Q19 Basically the same as 18 you are buying in to the 5 Major hospital scheme. Its an absurd question anyway under this consultation you dont get the choice about Hammersmith as in all 3 options it will be a specialist hospital, so why ask? There is no logical answer to this. Not sure is your only option. Q20 Feel free to comment. An answer to their sub-question about the number of hospitals could be 9 major hospitals as now, because they are not there by coincidence they are located where people need them. Q21 Like 18 and 19, they think youre happy with just 5 proper hospitals; now they are asking whether you agree with how they got here. Like a cheap airline landing you 200 miles from where you want to be and asking if you enjoyed the flight. Up to now they have tried to lead you by the nose: Strongly disagree is clear. Q22 Another trick its not about criteria for any good hospital, but about how you choose 5 and downgrade the other 4. You can play noughts and crosses with this if you like; but Dont know deprives them of agreement to their plan.
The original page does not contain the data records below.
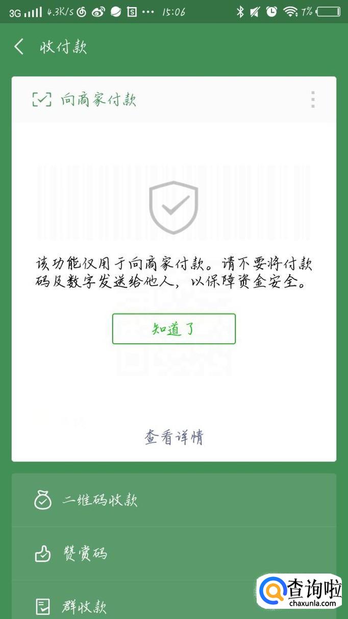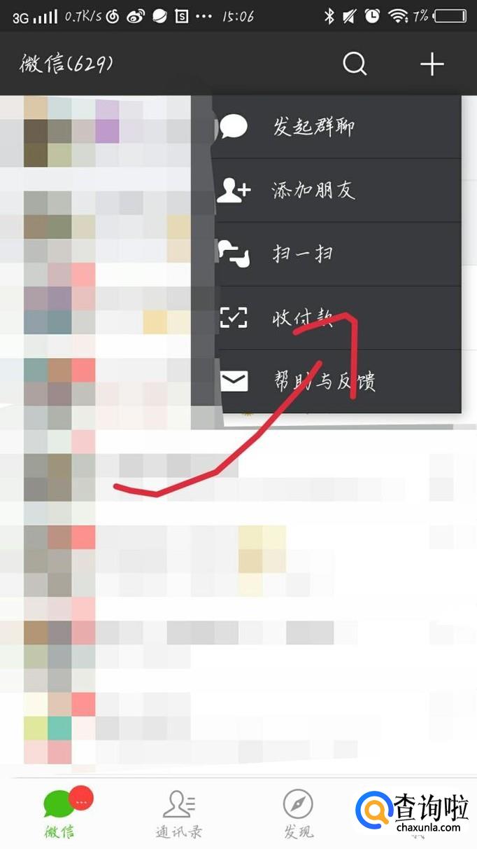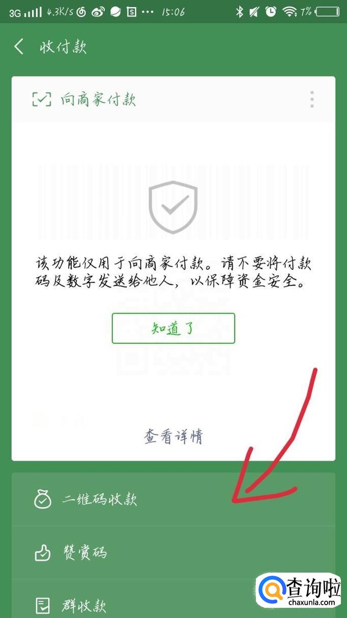 点击“二维码收款”选项,如图1箭头所示。这样别人扫你的二维码支付,你就能收到钱了。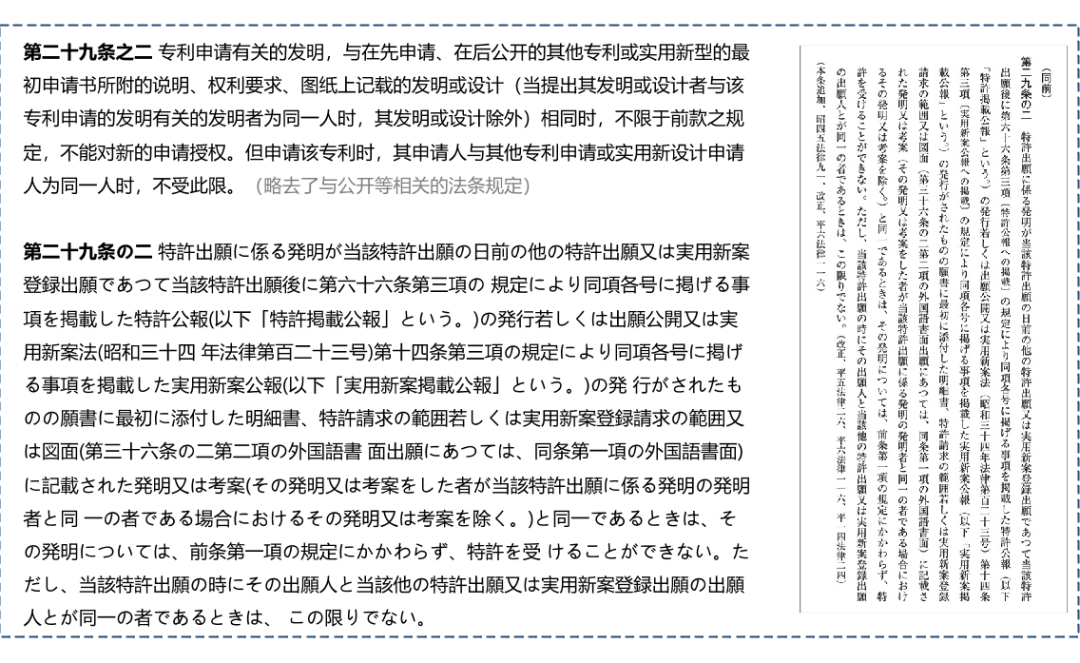 日本“抵觸申請(qǐng)”叫「拡大先願(yuàn)」(所謂“先愿”即“申請(qǐng)”),也被稱為「準(zhǔn)公知」,或「公知の擬制」,主要由《專利法》第二十九條第二款描述。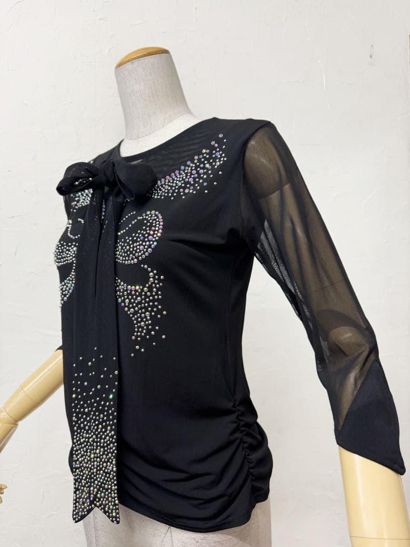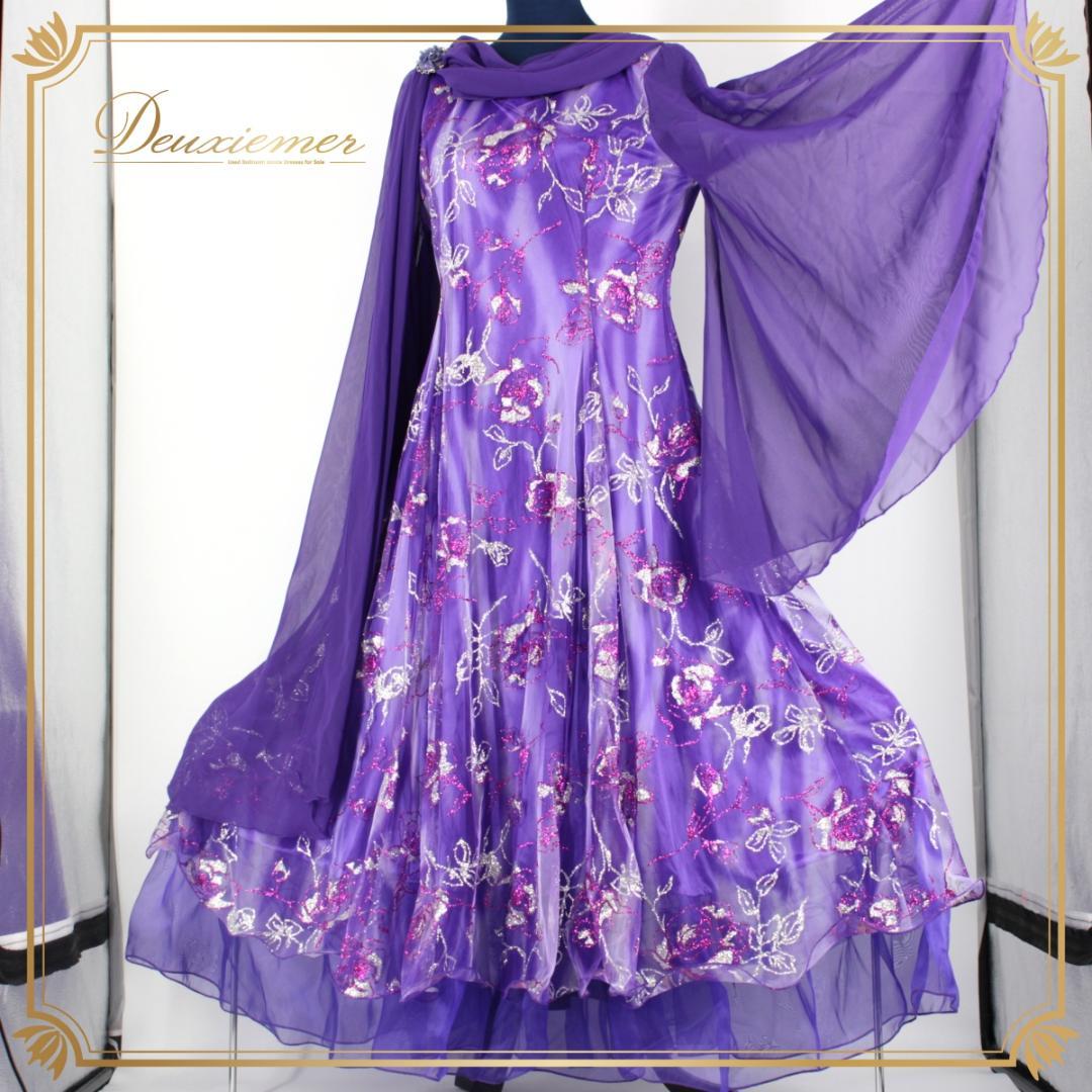 新品 社交ダンス トップス パワーネット パープル フリル ラインストーン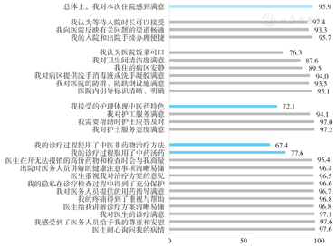 | 我在治疗常见病、多发病时发挥了中医药的独特作用 | 68.6 | 69.7 | 67.9 | 67.8 | |
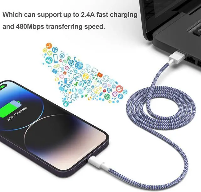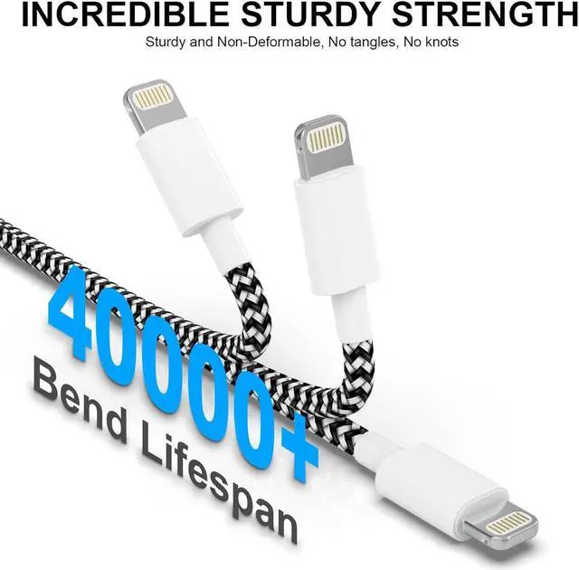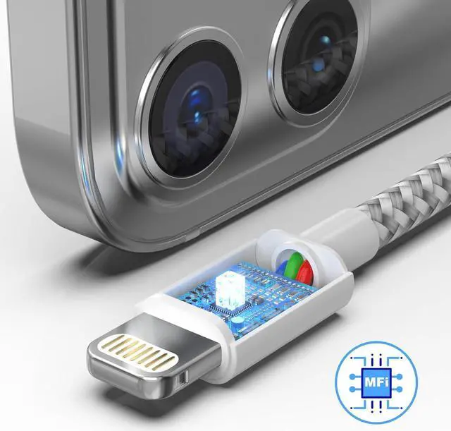 MFI CertifiedThe lightning cable built with chips to ensure 100% compatibility with iPhone. Each iPhone charging cable is built-in original smart chip to ensure safe and sufficient charging without annoying popup message. iPhone Charger Fast ChargingiPhone charger cable is made of high purity copper core and intelligent smart chip with overcharge protection current stabilization protection automatic switching and battery protection which can support up to 2.4A fast charging and 480 Mbps transfer speed. Nylon Braided&High QualityThe iPhone charging cable is designed with a reinforced connector that has passed more than 40 000 bend tests for extra protection and durability.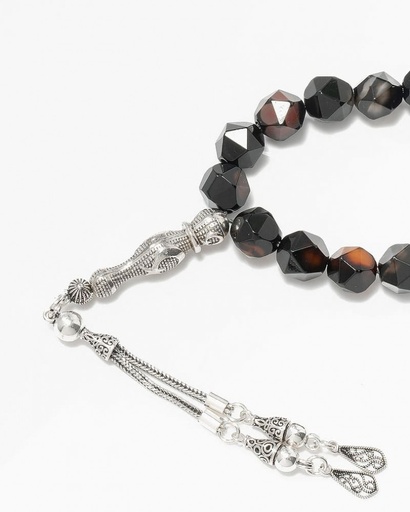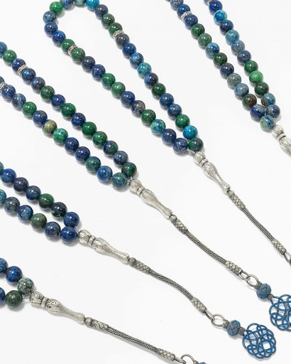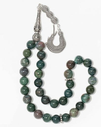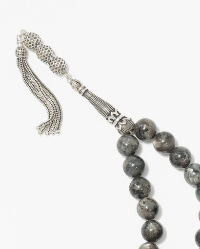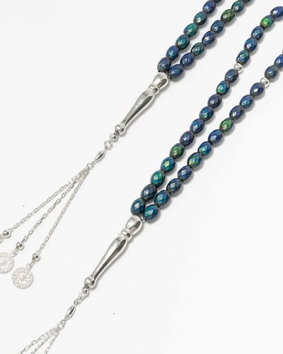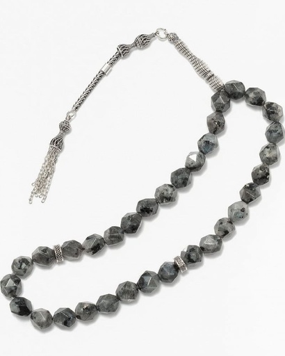 سبحة فضة حجر لابرادوريت بقصة الاماس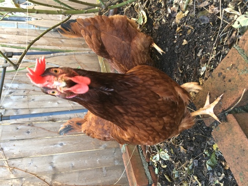 Peeping Beauty, my Rhode Island Red with her sister Henny Penny in the background, another RIR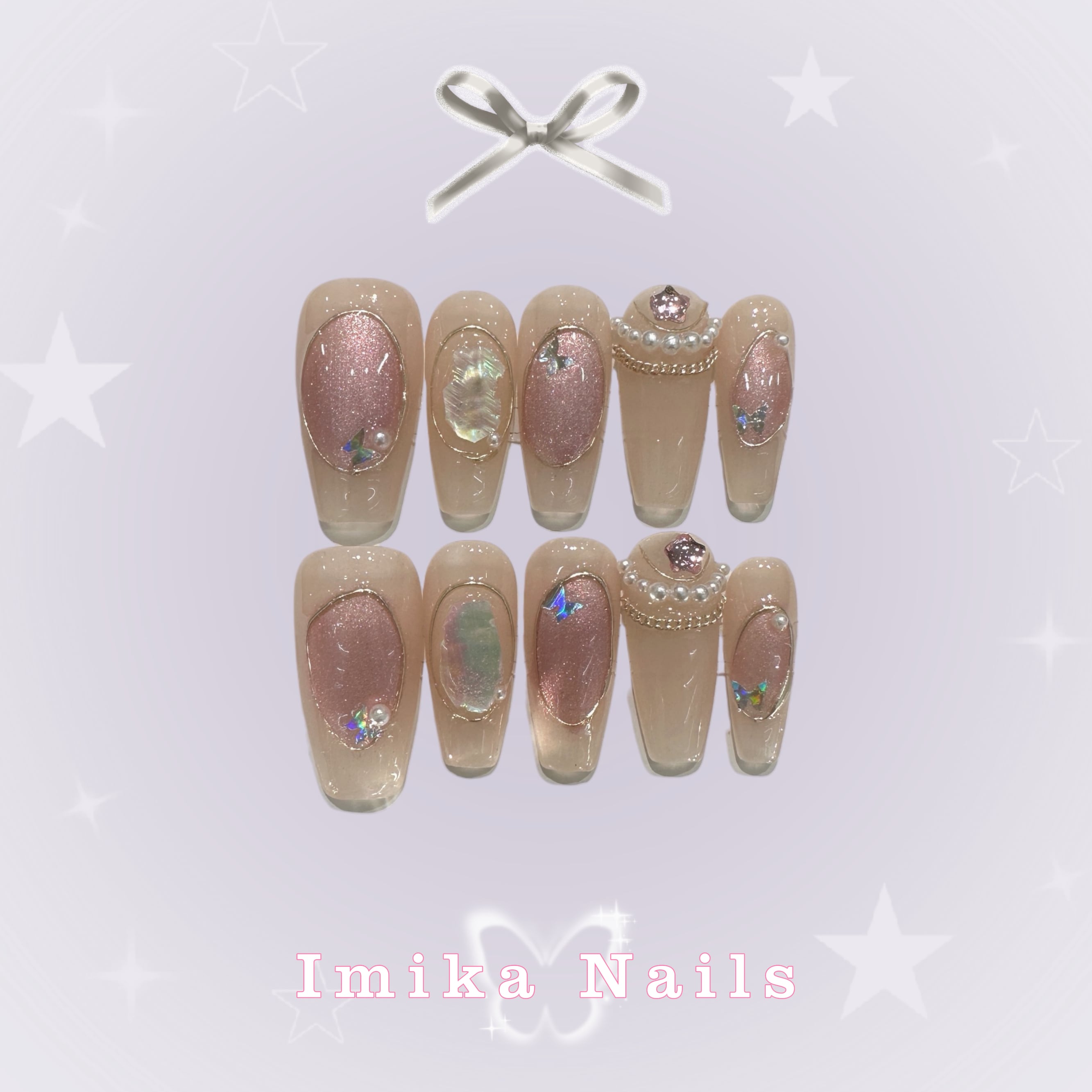 ピンクの透過グラデーションをベースに、ゴールドのライン、ピンクのストーン、パール、幻彩片をアクセント。優しく高級感あふれる雰囲気を纏い、XS/S/M サイズ対応でデートや日常使いに最適です。

Q23 Beware! They are asking if there are any other reasons you can think of to support their 5-proper-hospital plan. Comment as you see fit. For example, public opinion on closures should be in there. Q24a to 26b These are devious. They assume you actually want at least one of these Options, including the preferred one. Each one means closing 4 A&Es. People in each area will vote for what scraps are left by NWL. Not sure/dont know is the only safe answer they leave you. Q27a&b If you want to say goodbye to Central Mid, nows your chance. It is probably honourable to say Strongly oppose. Q28a to 29b This is to reinforce their plan for just 5 hospitals; they want your vote. Not sure is your only option. Q30a&b Depends whether you want Maternity without A&E. As it should have an A&E, Strongly oppose. Q31 Try keeping what we already have, and have invested in for 65 years.

Q32 Two years ago they persuaded us it was a good idea to put it there; now they are asking whether they should move it. Will they ever make their minds up? Strongly disagree. Q33 They have made no evidence-based case for moving it other than Imperial 'would like to move these services.' Looks like an afterthought. Strongly disagree Q34 Feel free to comment. Youve read 80 pages; nows your chance! Try to keep all hospitals, and especially A&E, open.